Tel メール 見積依頼

公式メディア

【専用庭の高木トラブル】管理規約の境界線を解説|「自分の庭」と思っていたら共用部分でした

専用庭の木が伸びすぎて
上の階から苦情が
来ています…

それ、住んでいる方の責任とは限りません
まずは専用庭の位置づけから
整理しましょう

この記事でわかること
専用庭は「専有部」ではなく「共用部分」だという法的な位置づけ
高木トラブルが起きたとき、責任は誰にあるのか
「通常の管理」と「管理組合負担」の境界線
実際に起きやすい高木トラブルのパターンと対応の考え方
こんな人におすすめ
専用庭に植えられた高木が近隣トラブルの原因になっている
専用庭の管理範囲がどこまでか曖昧なまま運用されている
高木の剪定・伐採費用を誰が負担すべきか判断に迷っている

専用庭は「専有部」ではなく「共用部分」

「専用庭」という言葉から、多くの人は「自分の庭」=専有部分のようなイメージを持ちます。しかし法的には、専用庭はマンションの共用部分の一部です。

専用使用権という特殊な扱い

マンション標準管理規約では、1階に面する庭など特定の場所について、特定の区分所有者だけが使用できる権利(専用使用権)を認めています。バルコニーと同じ扱いのグループに入る部分です。

つまり専用庭は、

・使う権利は特定の区分所有者にある
・しかし所有権・管理の大枠は管理組合にある

という、二重構造になっています。

「専用」という言葉と法的な位置づけのズレがトラブルの出発点

この「専用=自分のもの」というイメージと「実は共用部分」という法的な実態のズレこそが、高木トラブルの多くの出発点になっています。「自分の庭に生えている木なのだから、自分の好きにしていい」という認識と、「共用部分である以上、一定のルールに従う必要がある」という規約上の実態が食い違うのです。

高木トラブルが起きたとき、責任は誰にあるのか

「通常の使用に伴う管理」という考え方

マンション標準管理規約では、専用使用権が認められた部分について、「通常の使用に伴う管理」は専用使用権を持つ区分所有者の責任と負担とされています。

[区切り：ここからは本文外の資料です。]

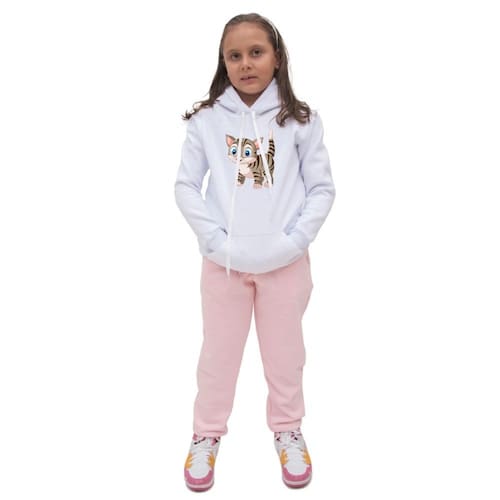 Conjunto Abrigo Infantil Blusa Estampa Gato Com Calça Comprida de Frio Confortavel Tecido Macio - Branco - 14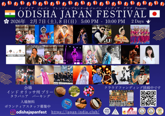 ODISHA JAPAN FESTIVAL 2026(OJF2026)を主催する特定非営利活動法人ジャパンインディアクラブ(所在地:埼玉県朝霞市、理事長:宮原 剛)は、2026年2月7日(土)、8日(日)の2日間、インド オディシャ州プリーにおいて、特設ステージでの日印両国の音楽や踊りのほか、子どもたちの未来・夢に繋がるブースを出展します。
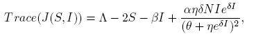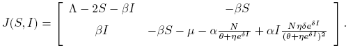 The Jacobian matrix (5) evaluated in the equilibrium point (S*, I*) is given by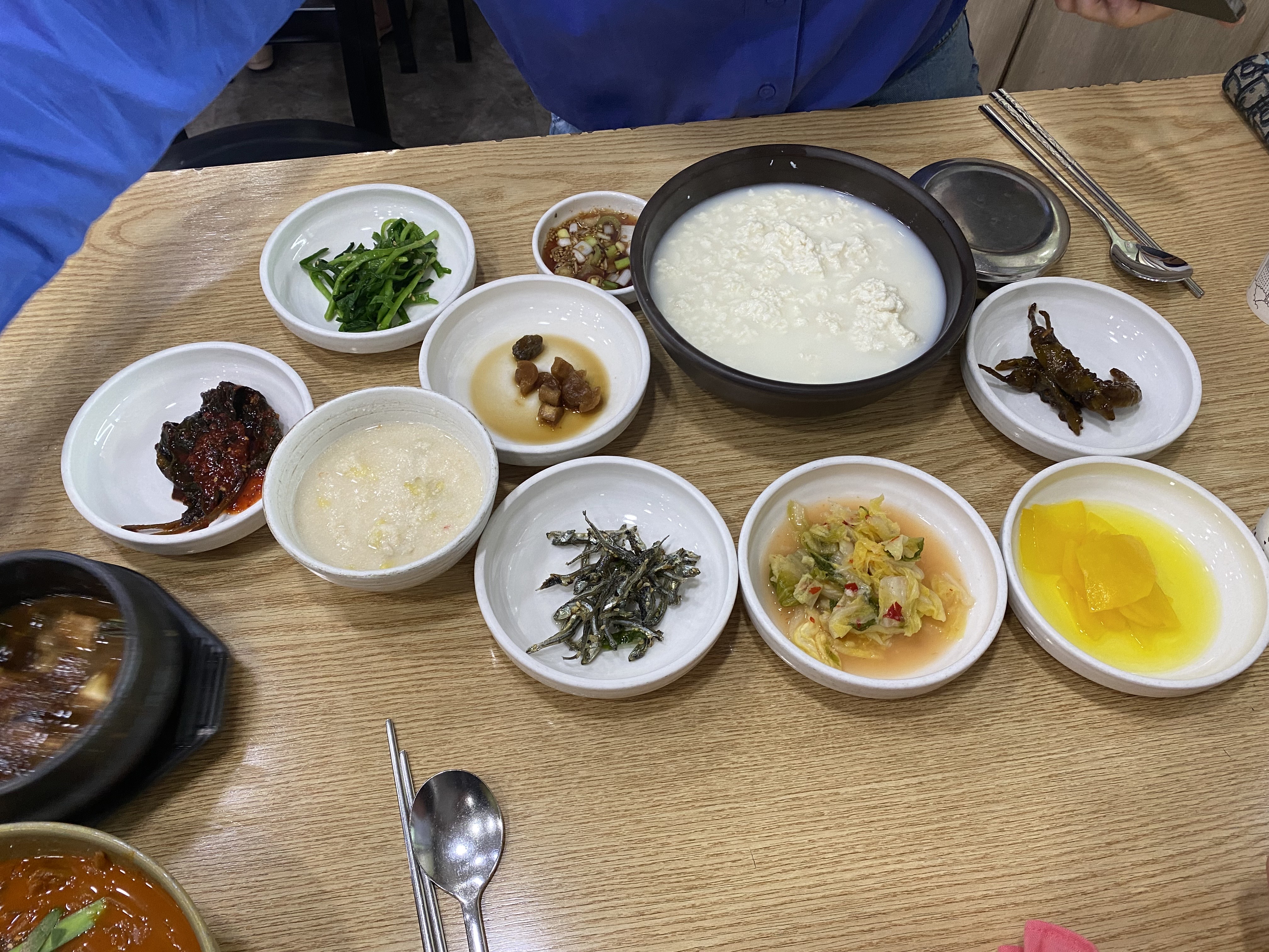 아이가 먹을수 있는 초두부백반을 주문했습니다. 깻잎, 멸치, 콩비지, 청국장이 나옵니다.

これを植栽に当てはめると、日常的な剪定や除草といった通常の手入れは、専用庭を使っている住人が行うべきもの、という整理になります。

「通常の管理」と「管理組合負担」の境界線

一方で、すべてが個人負担というわけではありません。一般的な整理としては、次のような区分けがされています。

費用負担の考え方(一般的な整理)
通常の使用に伴う管理(日常の剪定・除草など)→ 使用者(区分所有者)の負担
経年劣化や構造的な問題(設備の老朽化など)→ 管理組合の負担

植栽については、「もともと植えられていた木が経年で高木化した」という事情がある場合、この線引きが曖昧になりやすいのが実務上の難しさです。

実際に起きやすいケース

一般的によく見られるパターンとして、次のようなケースがあります。

よくあるケース
入居時、専用庭にモデルルーム仕様として植えられていた木が、数年〜十数年かけて上階の高さまで成長。日照や風通しへの苦情が上階住民から出るが、専用庭の使用者は「自分の意思で植えたものではない」として対応に消極的になり、話し合いが難航する。

このようなケースでは、標準管理規約の条文(専用使用権のある部分について、通常の使用に伴う管理は使用者の責任・負担とする旨の規定)を踏まえ、まず使用者側に管理の責任があることを説明した上で、剪定などの対応を促す、という進め方が一般的です。

高木特有の問題が起きやすい理由

法律上の整理だけでは見えてこない、樹木ならではの難しさもあります。

入居時は低木でも、数年〜十数年で想定外の高さになる

植栽工事の段階では管理しやすい高さの木でも、樹種によっては数年から十数年で数メートル単位まで成長します。購入時には想定していなかった高さに育ち、そこで初めてトラブルとして顕在化するケースが少なくありません。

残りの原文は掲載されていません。